Pour l’instant, l’émergence de la licence santé s’inscrit dans une logique d’innovation et de modernisation du système, avec des perspectives qui dépassent les simples chiffres et qui touchent au quotidien des futurs professionnels comme à la vie des patients. Cette dynamique est parfaitement compatible avec la notion de formation santé 2027, qui cherche à préparer une médecine et des sciences infirmières plus efficaces, plus humaines et plus connectées aux réalités de notre société. Et c’est bien ce que j’observe à travers les campus et les débats publics: une volonté collective de construire un parcours santé plus juste et plus pertinent pour les années à venir, en lien avec les enjeux majeurs de notre temps, et avec des perspectives qui restent ouvertes et à explorer.
Pour aller plus loin et nourrir votre réflexion, n’hésitez pas à consulter les ressources qui traitent des évolutions dans l’enseignement supérieur santé et qui analysent les chiffres et les sondages sur les parcours santé et les formations liées à la santé. Le sujet est complexe, mais les éléments qui le composent deviennent de plus en plus intelligibles lorsque l’on suit les évolutions de près et que l’on écoute les acteurs sur le terrain.
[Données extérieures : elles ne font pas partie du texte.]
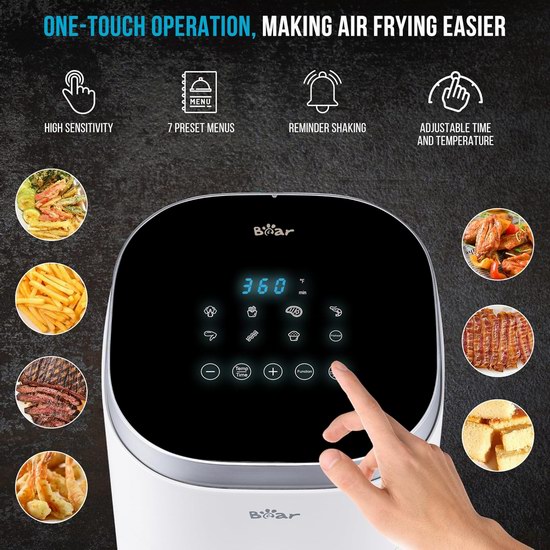 此款智能空气炸锅拥有6.2英寸大视窗,生熟焦脆全程可见。微水雾湿烤,皮脆肉嫩酥香可口,肉质鲜嫩不易干柴。360°漩涡热风逼出食物油脂,迎合爱美控油的你,多吃也无“腹”担。全息智控隐藏大屏,7大智能菜单,智能翻面提醒,分体结构加上不粘涂层,轻松端拿和清洗,油污残渣无所藏身。5.3夸脱大容量,无需频繁烤,大份美食一次出炉。
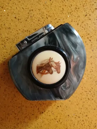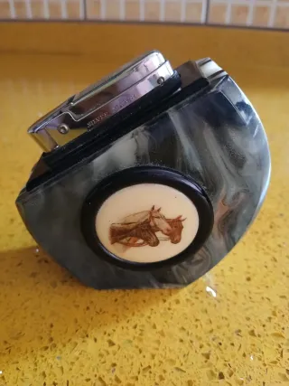 Encendedor de sobremesa con motivos hípicos. De los años 70. ENVÍO EN 24H.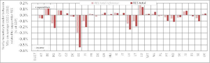 Figure 1c - 6. Yearly average (2021 to 2030) monetary transfers between Member States related to the support for RES, expressing additional expenditures (+) or income (-) as share of (country-specific) GDP (for the assessed policy pathway 1c (FIT soft))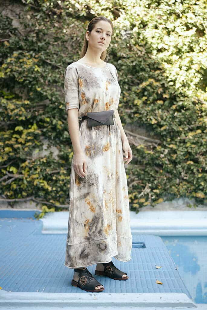 Túnica de algodón nativo con ecoprint (Luma Baez), riñonera de vinilo biodegradable sintético (Boobamara) y sandalias de cuero con detalle bordado a mano en rafia natural (Proyecto Barda).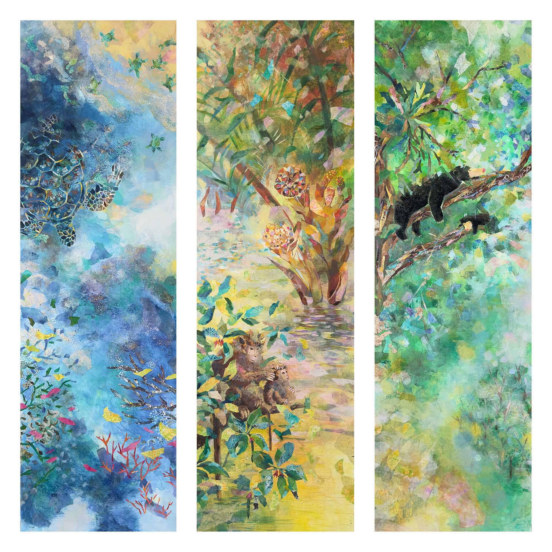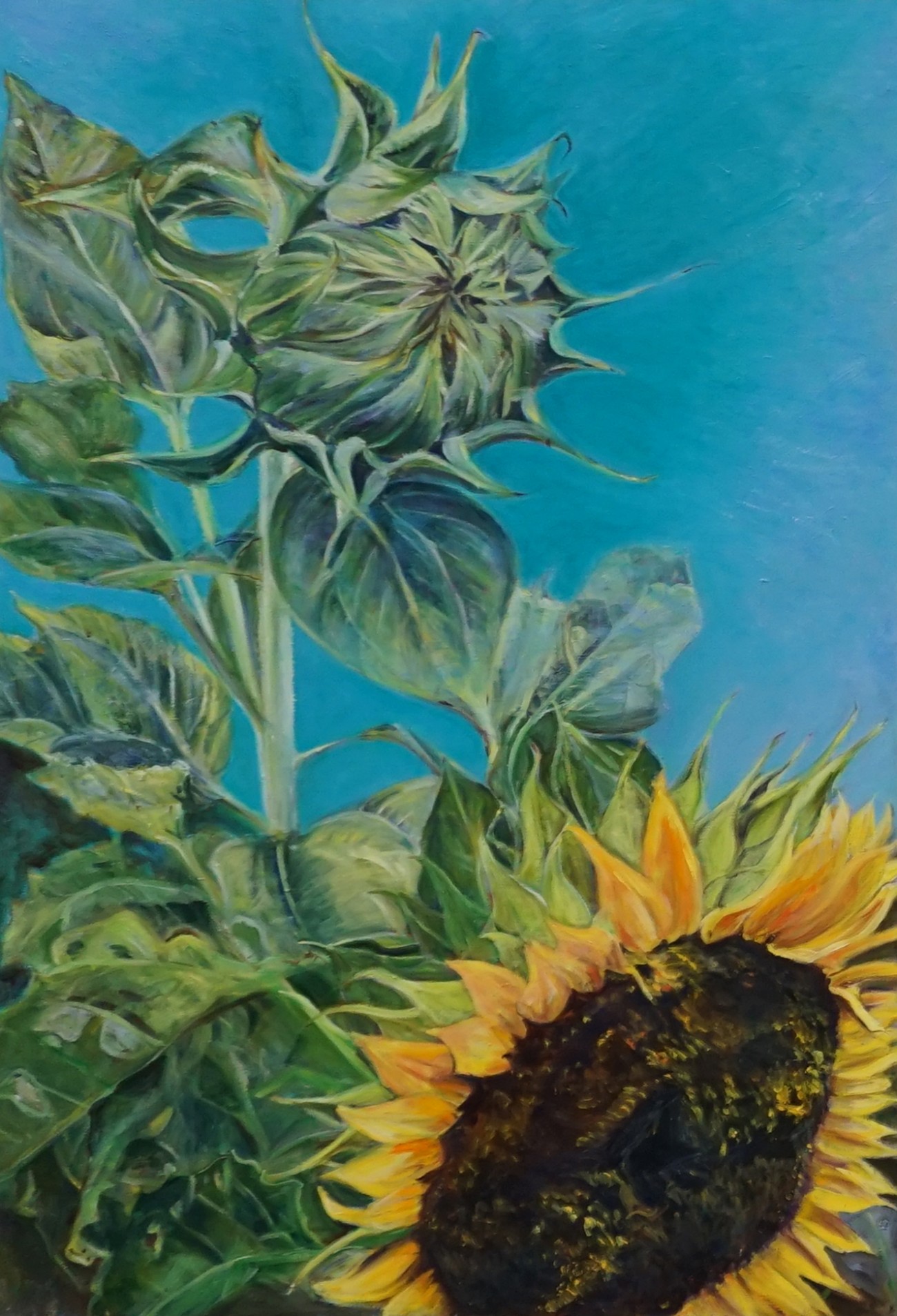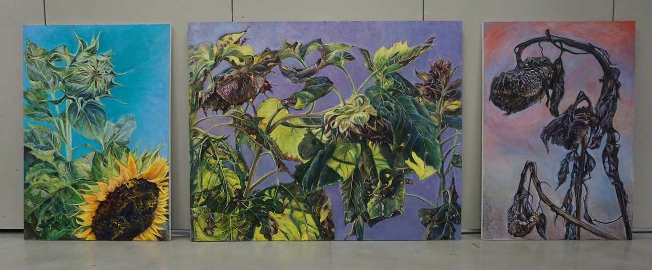季節の移ろいの中で、向日葵が命を輝かせる姿を描こうとした。左図は蕾をつけ大輪の花を咲かせている。中央図は風雨に叩かれ、倒れそうになりながらも、毅然として立つ姿である。右図は葉や茎も朽ちたが、花弁には種子を持ち、命を次に繋いでいこうとする姿である。向日葵の生々流転の流れであり、繰り返す命への讃美である。

Enfin, si vous souhaitez approfondir des aspects spécifiques, j’invite à consulter les liens et les ressources externes que j’ai mentionnés, afin d’éclairer les enjeux concrets et les décisions qui marqueront l’année 2027 et les années qui suivront.
Conclusion et regards vers l’avenir
Cette exploration montre que la fin du PASS et LAS ouvre une porte vers une « licence santé » qui peut devenir un socle solide pour les métiers de la santé. Le chemin est encore à écrire et les peurs légitimes existent, mais les premiers retours positifs et les ajustements en cours donnent confiance. L’avenir du parcours santé dépendra d’un équilibre entre ambition pédagogique, moyens réels, et écoute des étudiants et des professionnels. Mon regard de journaliste est celui d’un témoin des évolutions: la démocratie de l’éducation passe par des choix clairs, des outils efficaces et une communication honnête sur ce que change la réforme, pourquoi elle est nécessaire et comment elle sera évaluée. Le chapitre qui s’ouvre autour de la licence santé est donc à la fois technique et humain, et son succès dépendra de la capacité collective à transformer les intentions en résultats concrets pour les étudiants, les enseignants et les patients. Dans tous les cas, la question centrale demeure: la fin du PASS et du LAS peut-elle devenir, avec la licence santé, une opportunité durable pour l’enseignement supérieur santé et pour l’ensemble de notre système de soins ? La réponse passe par une construction patiente, des ajustements réguliers et une volonté claire de porter les parcours santé vers une plus grande cohérence et une meilleure accessibilité pour tous.
Pour suivre les actualités et les analyses sur ce sujet, vous pouvez consulter les ressources liées et les articles qui détaillent les évolutions et les chiffres officiels. La question de fin du PASS et fin du LAS s’inscrit dans une dynamique plus large d’innovation et de réforme de l’enseignement supérieur santé, qui se poursuit en 2027 et au-delà, avec des perspectives de changements importants et une attention soutenue sur l’enseignement supérieur santé et les parcours santé.
Texte rédigé pour informer, éclairer et débattre des implications de la réforme, avec une attention particulière portée à l’accessibilité et à l’impact sur les étudiants et les professionnels du secteur. Pour ceux qui veulent élargir leur compréhension et accéder à des ressources complémentaires, voici quelques liens utiles et pertinents sur les sujets abordés, et notamment la réforme et l’évolution des parcours en santé.